TASK STATEMENT: Retype the entries, please, from their first line to the line containing "图表 3 2017-2018年物流业总收入及增长", exactly and only those lines, minus the pictures.

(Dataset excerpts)

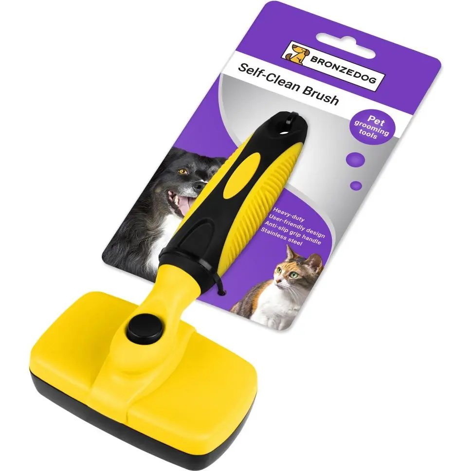 Пуходерка для собак та кішок Bronzedog для догляду за шерстю і підшерстям самоочисна 18х10 см
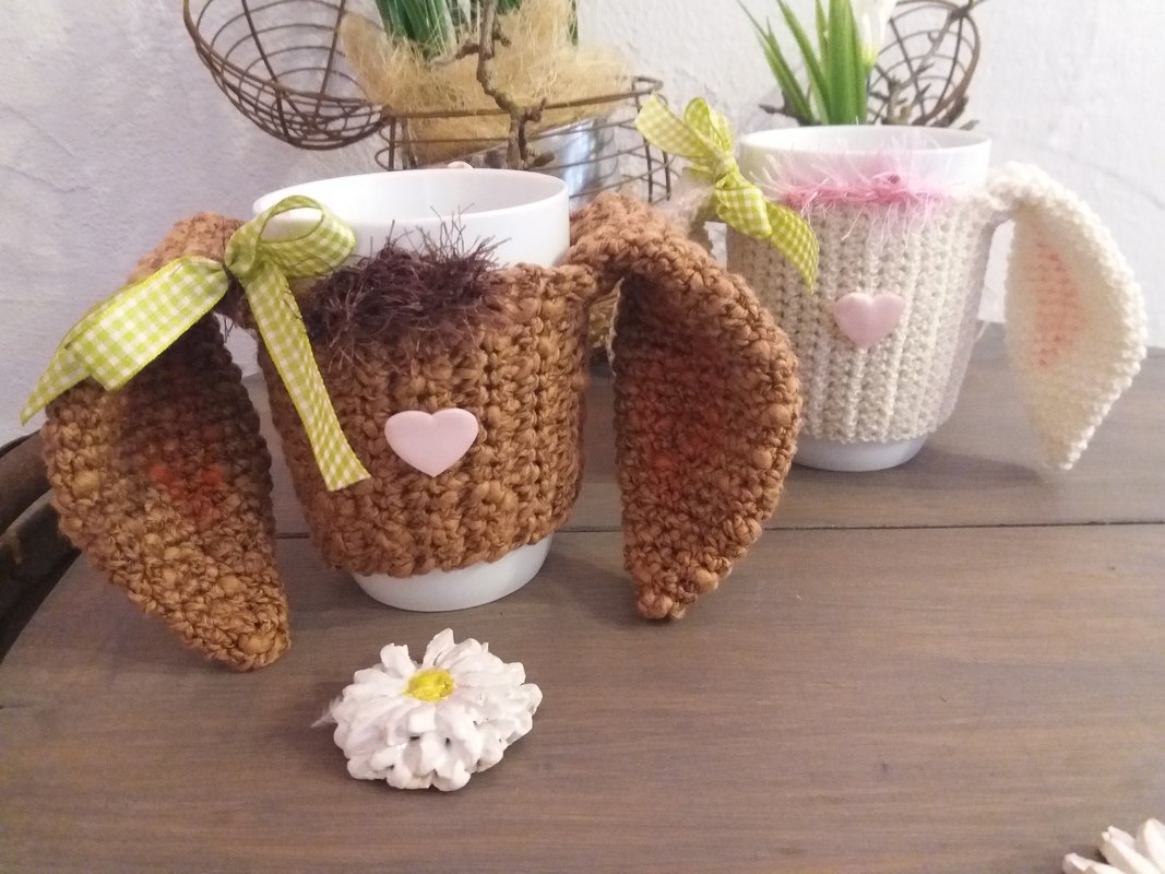 Wie wärs mit einem witzigen Tassenwärmer? Mit ein paar Eiern oder einem Schokohasen in der Tasse, ist es auch ein nettes Ostergeschenk. Mit meiner Anleitung kannst du diesen Tassenwärmer ganz einfach nachhäkeln.
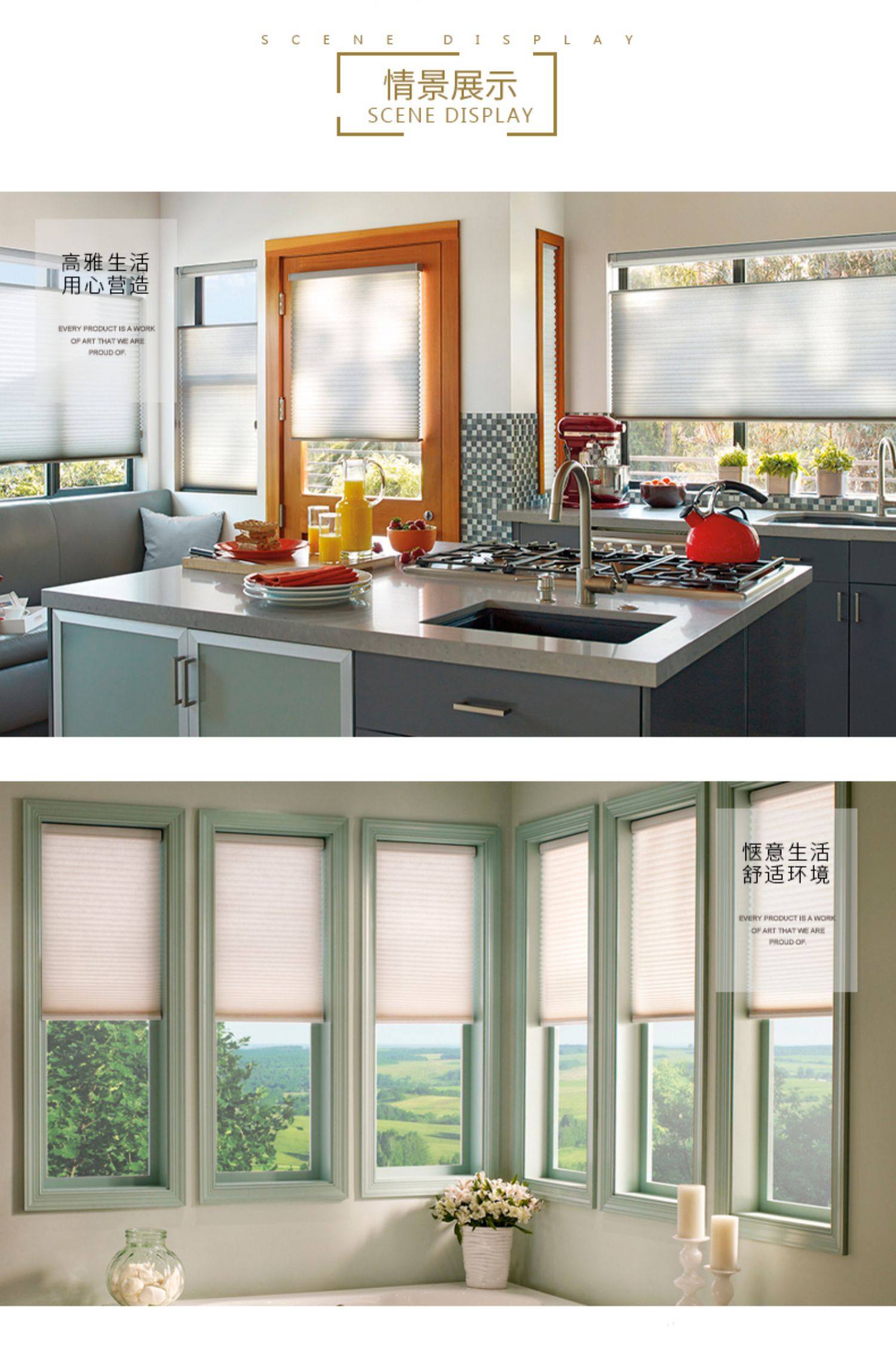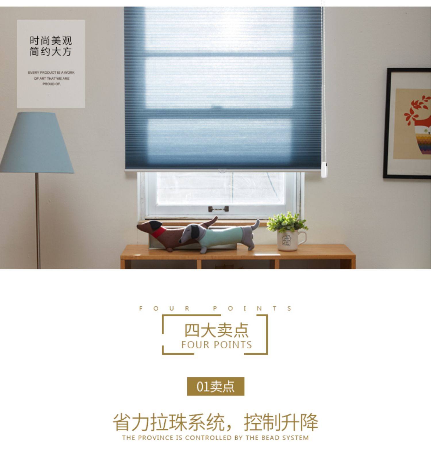 窗帘拉珠款遮阳蜂巢帘风琴帘蜂窝帘百叶窗帘遮光升降
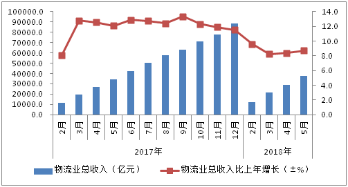 图表 3 2017-2018年物流业总收入及增长
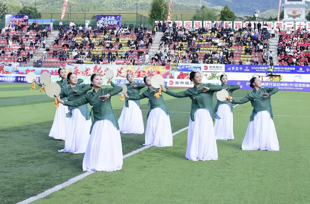 敦化队主场对阵珲春队前,一场充满文化底蕴的预热仪式拉开帷幕:敦化市文化馆带来歌曲串烧《向梦想出发》《超越梦想》,舞蹈《足球阵线联盟》融合现代啦啦操与玩偶踢球元素,提前点燃球场热情;中场休息时,足球宝贝们带来《吉祥敦化》,以活力表演为双方球员加油助威,现场欢呼声此起彼伏。

RESULT OF THIS EXERCISE:
 Пуходерка для собак та кішок Bronzedog для догляду за шерстю і підшерстям самоочисна 18х10 см
 Wie wärs mit einem witzigen Tassenwärmer? Mit ein paar Eiern oder einem Schokohasen in der Tasse, ist es auch ein nettes Ostergeschenk. Mit meiner Anleitung kannst du diesen Tassenwärmer ganz einfach nachhäkeln.
 窗帘拉珠款遮阳蜂巢帘风琴帘蜂窝帘百叶窗帘遮光升降
 图表 3 2017-2018年物流业总收入及增长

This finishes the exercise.